Стужа - Власов Юрий Петрович. Страница 40
— Дурак, — неестественно-спокойно сказал капитан. — Ты дурак. Он тут батальон положил. Надо полагать, переживает. Да и сверху наверняка холку намылили — от какого-нибудь «самого». Не обсуждай старших. Рановато, да и не положено.
В траншее, шагах в тридцати от блиндажа (они по-прежнему ступали по дощатому настилу; внизу взбулькивала, плескалась вода), капитан подался к стенке, пропуская офицера в шинели под ремнями, со «шмайссером». Тот вдруг осекся в шаге, даже как-то осел, а после приблизил лицо к капитану и выдохнул:
— Ты?!
— Коля? — Капитан швырнул папиросу под ноги.
— Живой, — так же тихо выдохнул офицер.
— Не говори, выкарабкался. А ты? Меня же уверяли: похоронен. Толя!
— Постой, постой… Так это ты командир «шурочки»?
— Он самый… Но мне пора. Ждет «шурочка». Пойми, Толя, каждая минута на счету.
Офицер сдернул шапку и закинул «шмайссер» за плечо. Капитан шагнул к нему, тоже сгребая шапку. Они обнялись, похлопывая друг друга по спинам. В сине-белом зареве ракеты Глеб увидел серо-седые всклокоченные волосы майора (Глеб наконец разобрал его звание) и небритое худое лицо. Майор стоял к нему боком, как раз провалом темной небритой щеки.
Капитан выпрямился, буркнул, напяливая шапку:
— За мной, Чистов, — и зашлепал по настилу, не оглядываясь, опадая на проломленных досках.
А Глеб оглянулся. Майор шагал к блиндажу, все не надевая шапки. Ракета погасла, и Глеб различал лишь черный силуэт, почти слитый с отекающей грязью обшивкой траншеи.
В траншее переговаривались солдаты: по двое, по трое, они попадались все время, но большинство спало на ящиках, скрючась, опав в полушубки, шинели, телогрейки. Гулко в разных местах, почти не затихая, бил кашель, за ним цеплялся и незлобивый матерок, как досада и жалоба на этот самый кашель и вообще озноб, простуду, ломоту в суставах, нескладный сон на ящиках, почти в воде…
Смысл солдатских бесед проскальзывал мимо сознания, уж очень потрясли Глеба события последнего часа, да что там часа — всего этого дня! Только уже вылезая из траншеи, Глеб вдруг выхватил речь нескольких из них. Кучкой темнели они впереди — оттуда медленно, удушливо расползался махорочный дым. Но еще пуще пахло сырой землей, талым снегом, размокшим деревом, испражнениями. Запахи не застаивались, над траншеей их подхватывал ветер…
— …Значит, как туда прибыли…
— Это куда?
— В госпиталь. Меня, значит, за шиворот из кузова…
— Как мешок?
— Точно! За жопу и за шкирку! И потащили внутрь, а я от боли и потери крови, сквозь бинты истек, почти неживой. Ведь не мешок же, человек. А кругом стон, кричат, плачут, зовут матерей, жен! Пахнет кровищей, говном, мочой, — многие же под себя… А мне укол, поверишь, прямо через шинель в руку. До меня ли им мать вашу!..

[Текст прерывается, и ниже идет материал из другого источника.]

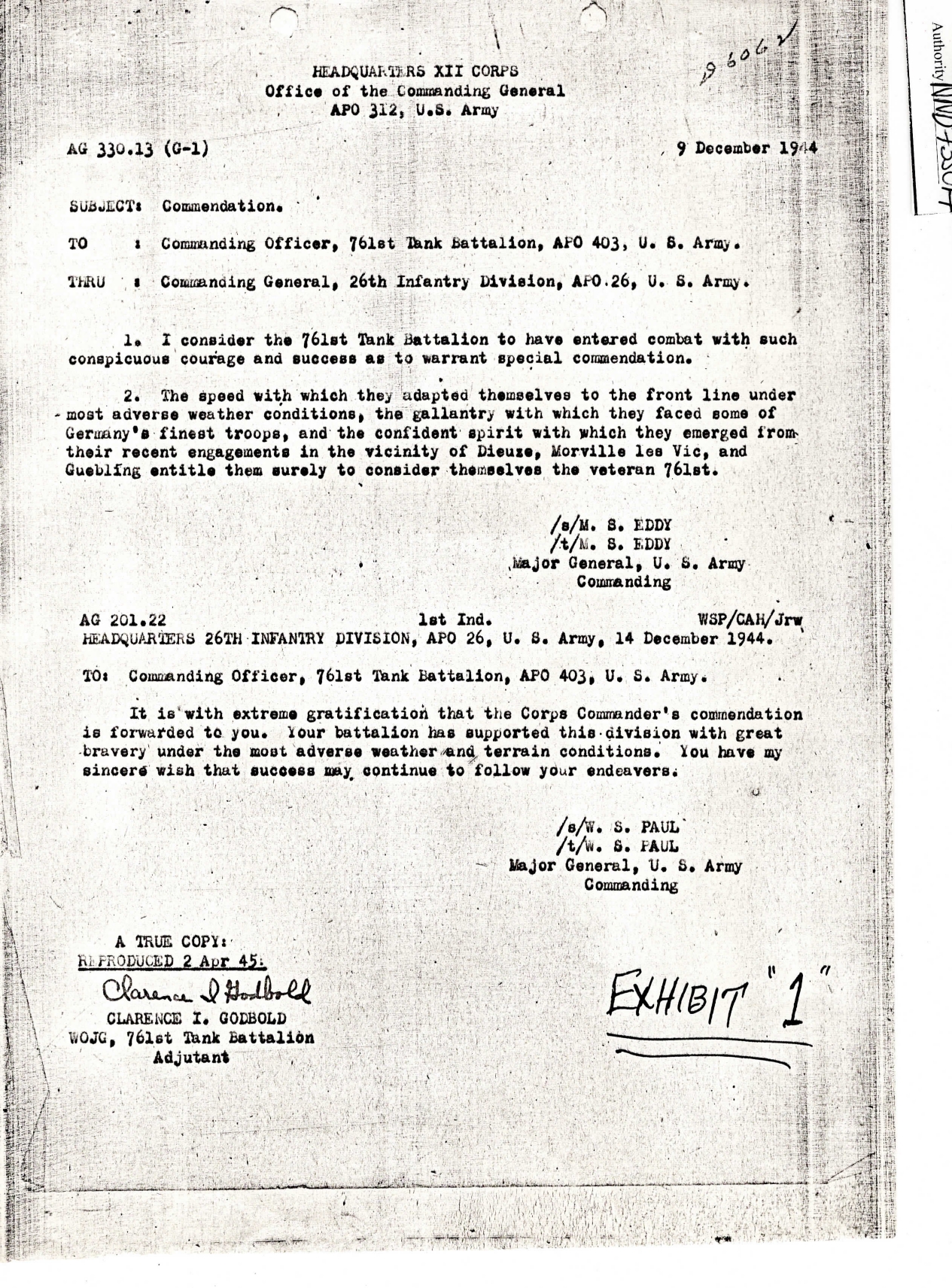 Despite the losses, the 761st Tank Battalion passed every test. Major General Manton J. Eddy, commanding officer of the Third Army’s XII Corps, singled out the Black Panthers with high praise, “I consider the 761st Tank Battalion to have entered combat with such conspicuous courage and success as to warrant special commendation,” Eddy wrote, praising the “speed,” “gallantry” and “great bravery” that led Major General Willard S. Paul to express “extreme gratification” to the unit.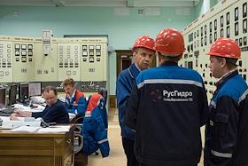 Сотрудники службы технологических систем управления (СТСУ) Нижегородской ГЭС Александр Смирнов и Андрей Болашов проверяют исправность датчика числа оборотов гидротурбины.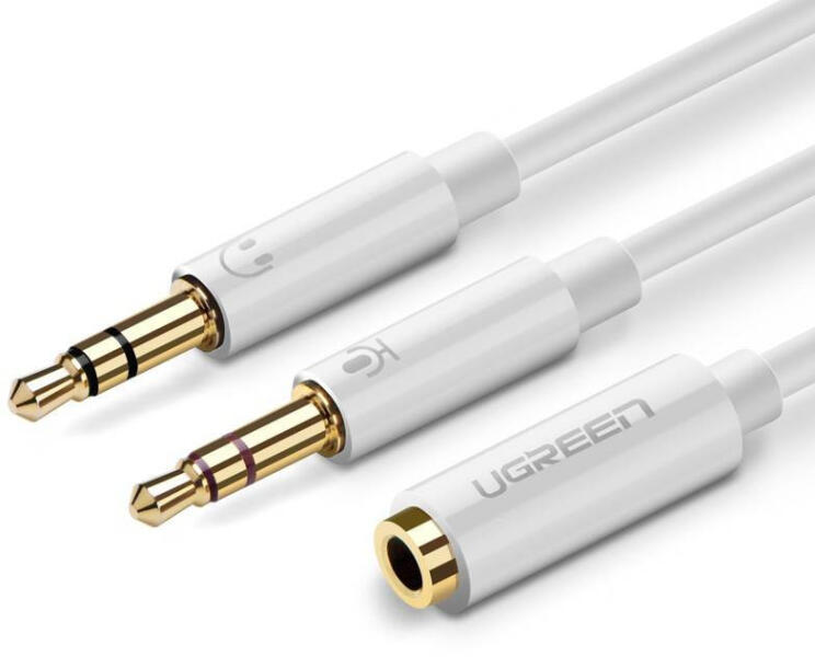 • 1 db UGREEN AV140 audio elosztó, AUX fejhallgató + mikrofon 3,5 mm-es mini jack kábel (28 cm, fehér)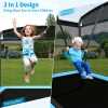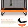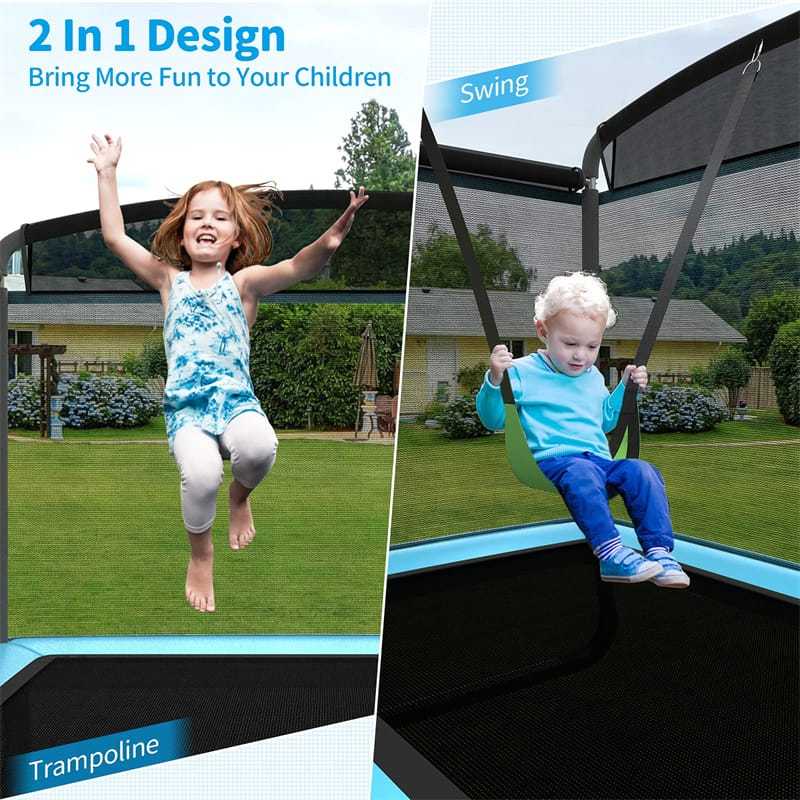 This is a 2 in 1 trampoline and swing combo with safety enclosure net that can give children a good bounce experience with security. Combining trampoline and swing as one, this kids toy set supplies your child with a choice to jump and swing. If your kid wants to jump, the high-density jumping mat with 40 premium springs will offer an excellent bouncing experience. And the U-shaped galvanized steel frame is sturdy enough to support your child (220 lbs for trampoline and 110 lbs for swing). Meanwhile, the soft foam cushion and upper pipes with foam padded keep your kid safe.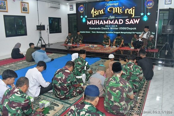 RADAR JAKARTA | Depok – Kodim 0508 Depok Gelar Isra Mi’raj Nabi Muhammad SAW di Makodim 0508/ Depok Jalan Pramuka Kelurahan Mampang Kecamatan Pancoran Mas Kota Depok. Senin (10/02/25).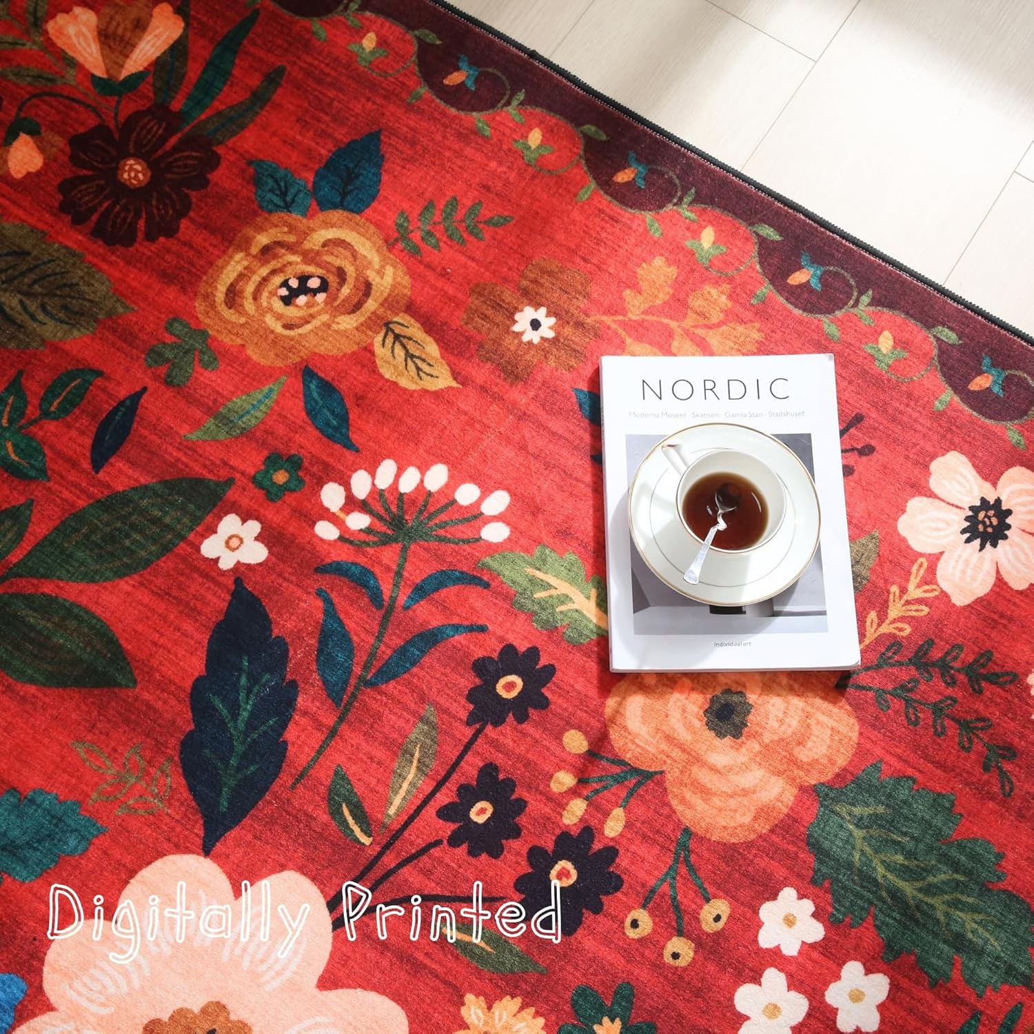 Runners for Hallways Kitchen Runner Rug Non Slip 2'x 10' Long Washable Rugs with Rubber Backing Soft Floral Carpet Runner for Hallways, Kitchen, Laundry, Bedroom, Bathroom(Red)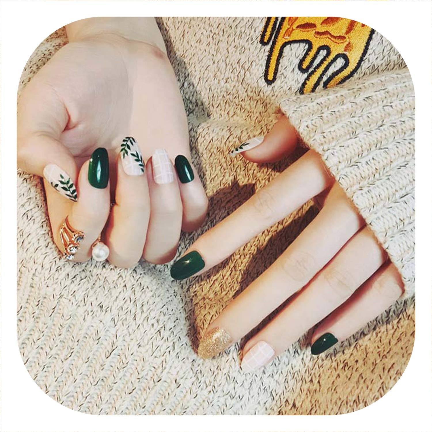 Amazon Com Diy Girls Summer False Nails Dark Green Jump Color

Несмело позвякивал металл, шлепали сапоги, поскрипывали доски, подсасывая воду. Капитан чиркнул спичкой, собрал ладонь в горсть и закурил. Ветер тут же рванул дым в лицо Глебу. Сверху, наискосок к земле, чертили свой путь бесчисленные хлопья снега. Глеб запахнул полушубок, прижал к боку автомат. Его наполнил восторг перед этой бездной ночи (где — в Пруссии!), обилием снега (такого неожиданного после тепла и голой земли) и волнующей неизвестностью — атака! Он всем докажет: он не дезертир, не предатель, не трус!
Мысль о том, что ему предстоит убивать, не возникала в сознании. Будет просто атака, будет просто бой — все само по себе…
Капитан вдруг запальчиво, но с горечью стал говорить в темноту. Он прикладывался к папиросе, жадно, на всю грудь, затягивался — и бубнил в темноту:
— Тактика для нас, штрафников, одна: лезть в лоб. По-другому не используют. По-другому — не слыхал и не знаю. Эх, солдаты… Что за общая подготовка? Здесь большинство с наукой в несколько дней. Куда там стрелять — зарядить оружие толком не умеют. Их же перебьют, да на выбор! Сейчас по взводам учили, как вставлять запал в гранату, из ста человек это смогли показать, ну, десять. А остальные? Их обучать надо! Месяца полтора натаскивать. Тогда сумеют быть еще чем-то, кроме просто мяса. Шансов у нас на завтра… утро встретить…
Капитан оборвал речь, хмыкнув, явно злобясь на себя. Речь свою, похоже, он принял за слабость. После десятка шагов в совершенном молчании вдруг отчеканил:
— Я черный, но у меня есть белый верблюд!
Это настолько не вязалось ни с чем — Глеб даже усомнился, не ослышался ли, и стал ждать, не объяснит ли он, но капитан не стал объяснять. А погодя опять заговорил, но звеняще, высоко. Крепок, видно, был напор чувств.
— Мы солдаты! Стало быть, все наши поступки диктуются долгом, независимо от жертв. — И опять так же внезапно смолк, но Глебу показалось (ведь услышал же он эти слова, не смог сам выдумать), что он прошептал: — Но жертвы эти прямо зависят от умения воевать и степени обученности солдат. Нельзя просто так жечь жизни! Можно же по-другому!
Это был летучий, но горячий, страстный шепот.
— А почему стрелять запрещено? — испуганно спросил Глеб, вспомнив угрозы полковника.
— Вдруг соседние фрицы подоспеют на помощь. Наши и не выбили их — самих под все бока кусают. — И капитан выматерился.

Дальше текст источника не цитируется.